Но никто не нападал, агрессию не проявлял, если не считать соседки, которая на приветствие Лозена хмуро ответила косым взглядом. Лозен несколько раз приложился к старенькому затёртому сканеру, а когда замок, наконец, щёлкнул, шагая в дверь, Лозен заметил, что соседка всё ещё стояла на лестничной клетке и хищно сверлила его зрачками.
В кухне, нога на ногу, сидела старинная школьная подруга Лозена по имени Арта. Она лишь ухмыльнулась, когда появление Лозена вызвало бурную реакцию его матери, намочившей слезами китель на его груди. Лозен ловил изучающий взгляд Арты, когда мать усаживала его за стол и потчевала, когда он отвечал на расспросы и сам узнавал о судьбе различных своих родичей и знакомых, но, в основном, Арта молчала. А когда ураган эмоций немного подутих, завершаемый фразой: «Скоро и папа должен прийти», Арта встала, подтянула сползсшие от долгого сидения брюки повыше к талии и мотнула головой в сторону Лозеновой комнаты, бросив:
– Пошли к тебе.
Лозен кивнул.
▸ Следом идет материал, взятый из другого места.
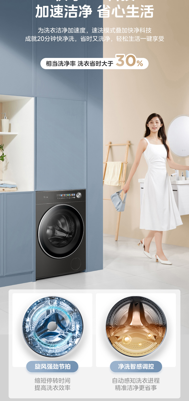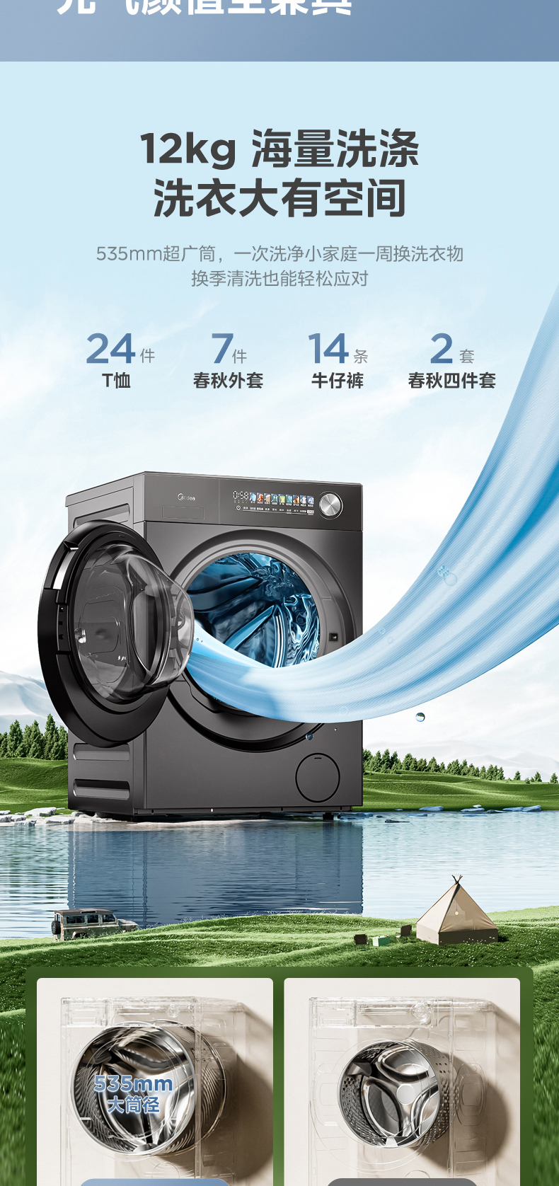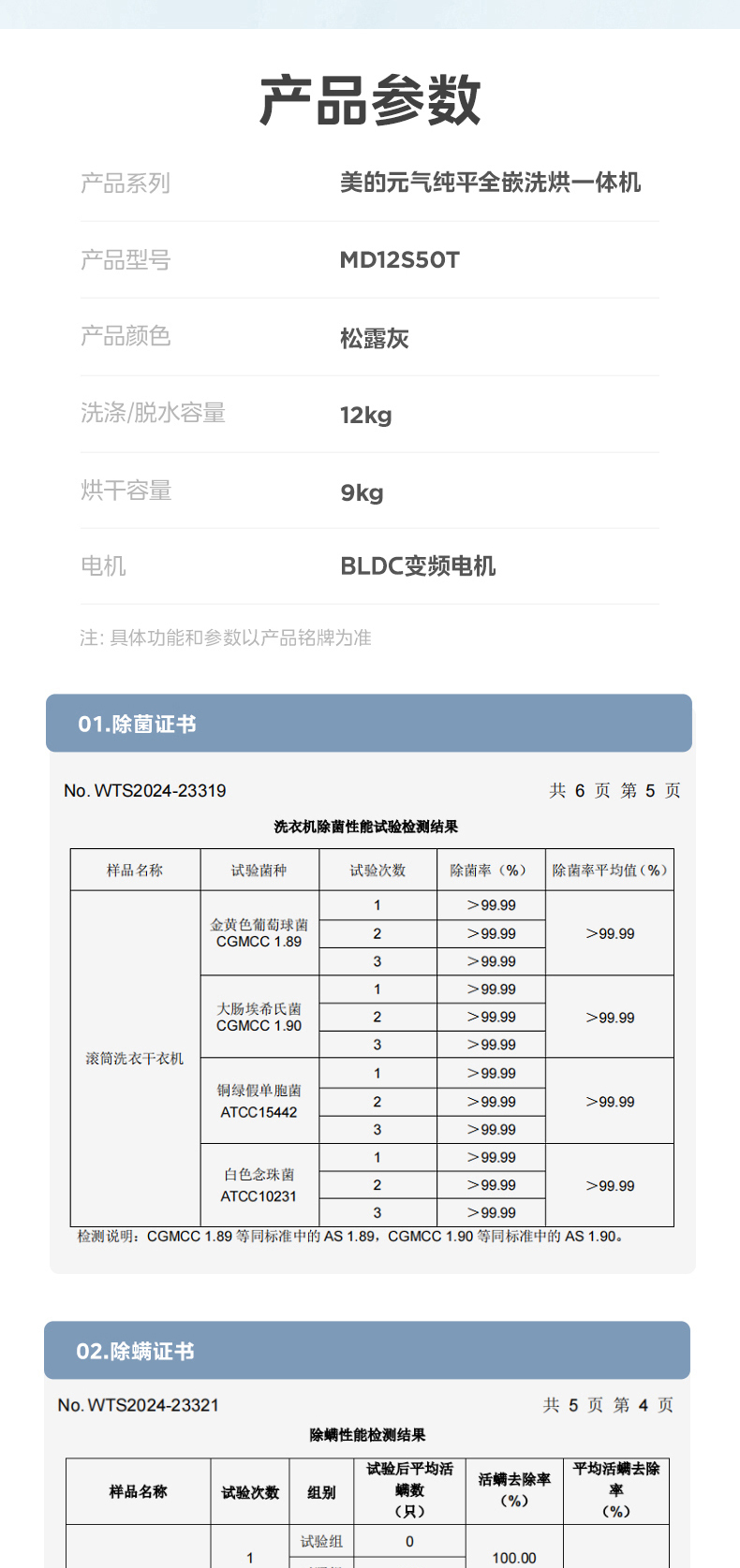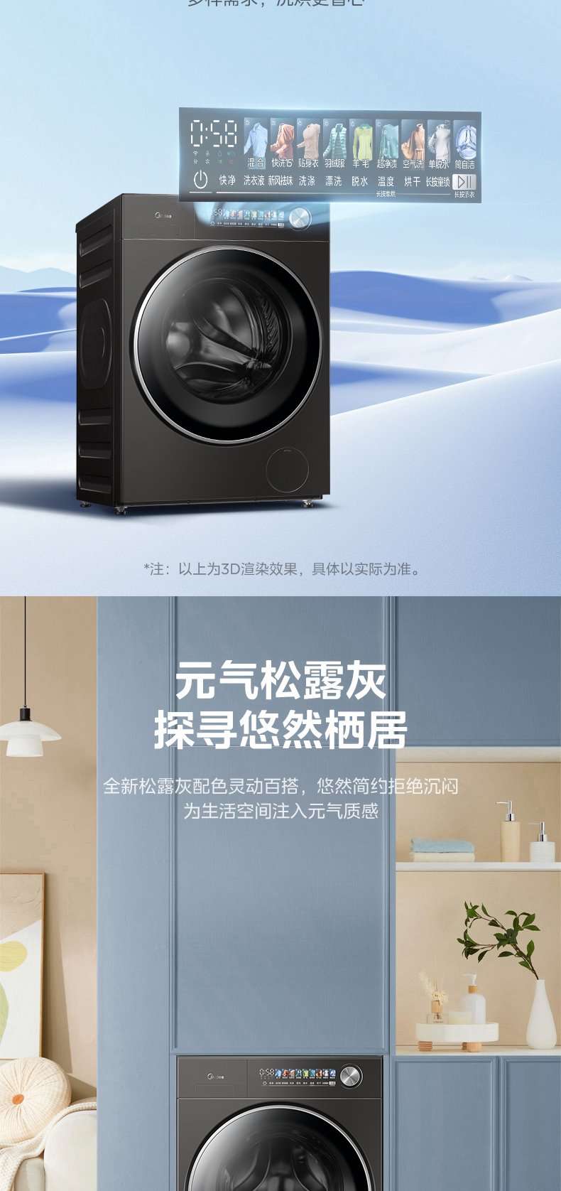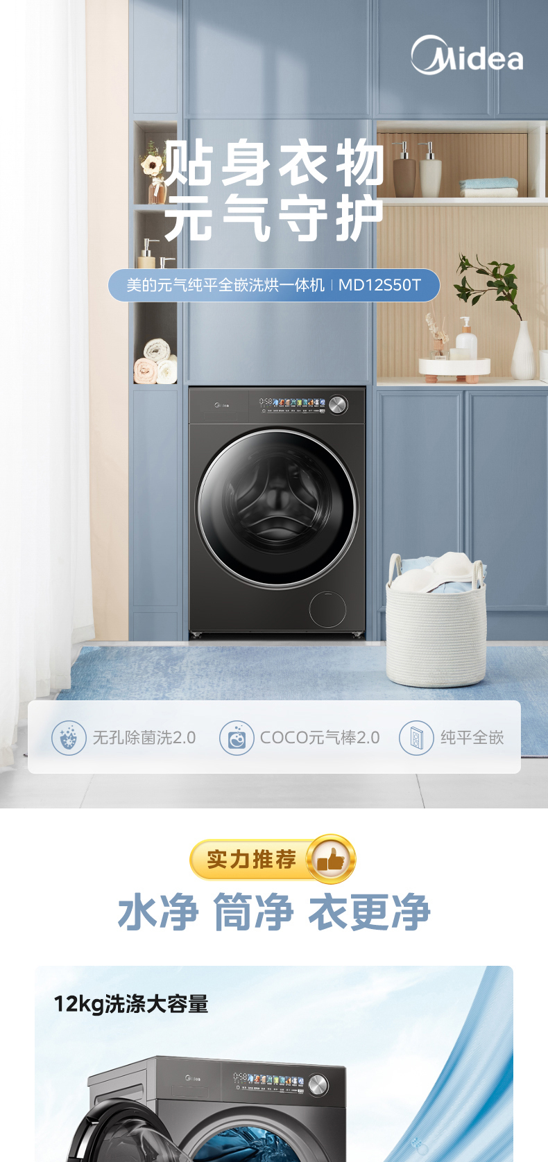 美的 MD12S50T 滚筒洗干一体机 松露灰 220V,1Ph 50Hz 转速1200 不带银离子
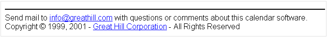 These lines of text may be modified from the Edit Calendar option under the 'Page Footer' section. The Footer may be included in a Display Template by using the following tag: <cw_d object="footer"> It is possible to modify the footer section of the calendar with the Demo version of the software however your modifications will be ignored. Great Hill logos and pointers back to our website will continue to appear until you register the software. |

Его раскрасневшаяся ставшая такой старенькой мама стала убирать со стола, а они прошли по низенькому коридору в маленькую коморку Лозена.
– Тысячу лет здесь не был, – проговорил он, оглядываясь и осторожно садясь на скрипнувшую кровать.
Арта уселась на стул напротив него и отрезала:
– Не задавайтесь, товарищ капитан, ты как был, мальчишка, так и не изменился совсем.
Лозен заулыбался возмущенно-смущенно:
– Это ещё что за наезды?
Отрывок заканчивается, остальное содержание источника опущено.